Question: In physical measurement, one of the first
elementary lessons one learns is to just give a result; it is not a result
unless you also give an uncertainty for that result. I am just wondering
whether, in this character recognition, you address the uncertainty in
recognition, and can you somehow express that and quantify it in any way?
In character recognition, for example, I imagine you haven't reached 100
per cent accuracy, it is not always just right. In some cases you would
be much more confident than in other cases, and so on. How do you deal
with that general concept of uncertainty?

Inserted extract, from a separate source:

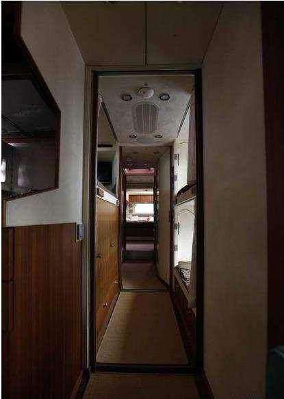 内部空间布置也非常人性化,厨房,卫生间一应俱全。为了保证电力供应,除了在铝合金储物箱里的柴油发电机之外,车顶还覆盖了一层太阳能电池板,足以满足车内照明及音响等的用电需求。
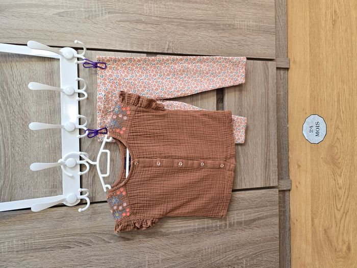 Lien direct vers les tailles équivalentes dans mon dressing : #fdhsarah24mois #fdhsarahSGMJ 📜 Ensemble comprenant : - Chemisier en gaze de coton chocolat avec des broderies sur les épaules de fleurs dans les tons rouge, bleu gris et mauve. Ref : KAIMI - Legging fleuri dans les tons bleu gris, rouge tomette et mauve sur fond vanille. Ref : Collection : Sur les Routes de Dordogne Taille 📏 : 24 mois État 🔍 : Très bon état Marque 🏷️ : Sergent Major Je suis disponible pour toutes questions ou photos supplémentaires. 📦 L’envoi se fait le plus rapidement possible Bon Shopping #fdhxxx24xxx

That's interesting. There are advantages in coming up with estimates
of probabilities in that way. Particularly if in the fax example
you are wanting to use those estimates for subsequent decisions,
then it is great to have the detailed information about the probability
distribution.
If you pose the problem as, 'I want to make the most accurate decision,'
in the sense of minimising the misclassification probability, it turns
out that you can do better by throwing away that information not
throwing it away, but by not trying to estimate probabilities. The intuition
for that is that, if you try to estimate probabilities, then you can be
putting your effort into using information to try to estimate nuances
of the probabilities that are far from the decision boundary. There are
some formal results about the benefits of not trying to estimate probabilities
in that sense.
This is if the problem that you want to solve is precisely stated as
this decision problem.
Question: One case where I understand there has
been some success in pattern recognition is in the recognition of melanomas
in the skin, in recognising the difference between ones that are benign
and ones that are likely to be dangerous. I just wondered whether there
was something about the storage of the expert information, you might say.
As I understand it, what they did was to take large numbers of these things
and get experts to decide whether or not they thought it was going to
become malignant, and then they followed it up later to find out and compared
the performance with that of the computer. And the computer was marginally
better than most of their experts.
And whether the prognostic type of data that they were dealing with for
the computer was comparable, yes. They were using statistical techniques;
I don't know the details of those techniques in that example.
Question: Intelligent agents of exactly the type
that Peter has been discussing are used now by BHP Billiton, or being
developed, for blast furnace performance, the company uses them an awful
lot in the oil industry for mapping oil-bearing structures, and it is
even automating a helicopter to take the exploration instrumentation around.
So I wondered if you had any applications of that type that you would
like to comment on.
The kinds of applications that you have mentioned I have not had involvement
in personally. I have done some work with graduate students in Berkeley,
looking at spatio-temporal data not geological predictions but predicting,
for instance, rainfall from limited information. The essential statistical
and computational problems I think are very much the same.
One of the exciting things, I think, about this area is that there is
an incredibly broad array of problems to which these techniques are applicable.